I absolutely loved the plot on this one from 1956.  You can find it on Amazon Prime, but beware that the condition of the film is pretty poor.  I picked up the dvd, and I read that it is probably the same copy.  Both Burr and Landsbury are excellent in this one.  He plays a lawyer (Perry Mason began a year later), but Landsbury's role was a bit more surprising.





Black Angel from '46.  Enjoyed the few twists and the ending did not disappoint.  Lorre in a supporting role and Dan Duryea is always fun to catch in crime/noirs.


There will never be another era like the Golden Age of Hollywood.  We didn't know how to blow up buildings then so we had no choice but to tell great stories with great characters.-Ben Mankiewicz

aligreto

Quote from: SimonNZ on April 08, 2018, 05:15:23 AM
interesting. How was it? Does it still have the whistling thing?

Typical old school "murder on a train" type fare but enjoyable enough viewing.
I do not understand the whistling reference so you will have to enlighten me  :)

Cato

Yesterday was KING KONG day, released 85 years ago yesterday (according to one source).

https://www.youtube.com/v/wTdOjpGhvPs
"Meet Miss Ruth Sherwood, from Columbus, Ohio, the Middle of the Universe!"

- Brian Aherne introducing Rosalind Russell in  My Sister Eileen (1942)

Karl Henning

Quote from: aligreto on April 08, 2018, 05:39:52 AM
Typical old school "murder on a train" type fare but enjoyable enough viewing.
I do not understand the whistling reference so you will have to enlighten me  :)

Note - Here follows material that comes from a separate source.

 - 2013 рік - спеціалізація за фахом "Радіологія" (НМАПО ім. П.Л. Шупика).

Ah, that means an element which got cut from the Hitchcock . . . you'll just have to watch the original  0:)


FWIW, fan though I am of the Coen Bros. (and much as I enjoy their remake of True Grit) I cannot bring myself to watch their Ladykillers . . . .
Karl Henning, Ph.D.
Composer & Clarinetist
Boston MA
http://www.karlhenning.com/
[Matisse] was interested neither in fending off opposition,
nor in competing for the favor of wayward friends.
His only competition was with himself. — Françoise Gilot

aligreto

Quote from: k a rl h e nn i ng on April 08, 2018, 05:43:53 AM
Ah, that means an element which got cut from the Hitchcock . . . you'll just have to watch the original  0:)


FWIW, fan though I am of the Coen Bros. (and much as I enjoy their remake of True Grit) I cannot bring myself to watch their Ladykillers . . . .

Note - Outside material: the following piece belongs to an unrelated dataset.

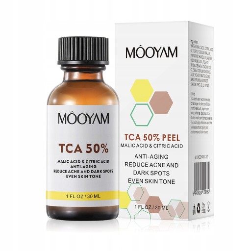 Potężne 50% stężenie TCA (kwas trichlorooctowy) zapewnia peeling o średniej głębokości w celu zwalczania przebarwień, głębszych zmarszczek, blizn potrądzikowych i uporczywych wyprysków

Cheers Karl. Although I was aware that this was a remake I have not seen the original version.

BTW no remake could ever surpass the original Ladykillers  ;)

SimonNZ

Yup, what Karl said about the Hitchcock original, If it doesn't have that silly plot device I'll be pleased.

fwiw I thought the Coen Ladykillers was way better than I expected it to be.

Karl Henning

Quote from: SimonNZ on April 08, 2018, 05:53:05 AM
fwiw I thought the Coen Ladykillers was way better than I expected it to be.

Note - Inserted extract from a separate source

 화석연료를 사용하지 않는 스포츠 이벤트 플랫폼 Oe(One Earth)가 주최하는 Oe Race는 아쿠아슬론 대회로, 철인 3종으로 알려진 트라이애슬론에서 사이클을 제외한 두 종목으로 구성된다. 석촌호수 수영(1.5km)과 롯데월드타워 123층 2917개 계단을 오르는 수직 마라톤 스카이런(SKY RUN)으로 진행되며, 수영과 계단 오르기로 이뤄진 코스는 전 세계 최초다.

There are quite a few remakes that I do like (including remakes which raise a few eyebrows here).  I could not put my finger on just why I am glacially slow to give this one an airing.
Karl Henning, Ph.D.
Composer & Clarinetist
Boston MA
http://www.karlhenning.com/
[Matisse] was interested neither in fending off opposition,
nor in competing for the favor of wayward friends.
His only competition was with himself. — Françoise Gilot

SimonNZ

Quote from: k a rl h e nn i ng on April 08, 2018, 06:09:42 AM
There are quite a few remakes that I do like (including remakes which raise a few eyebrows here).  I could not put my finger on just why I am glacially slow to give this one an airing.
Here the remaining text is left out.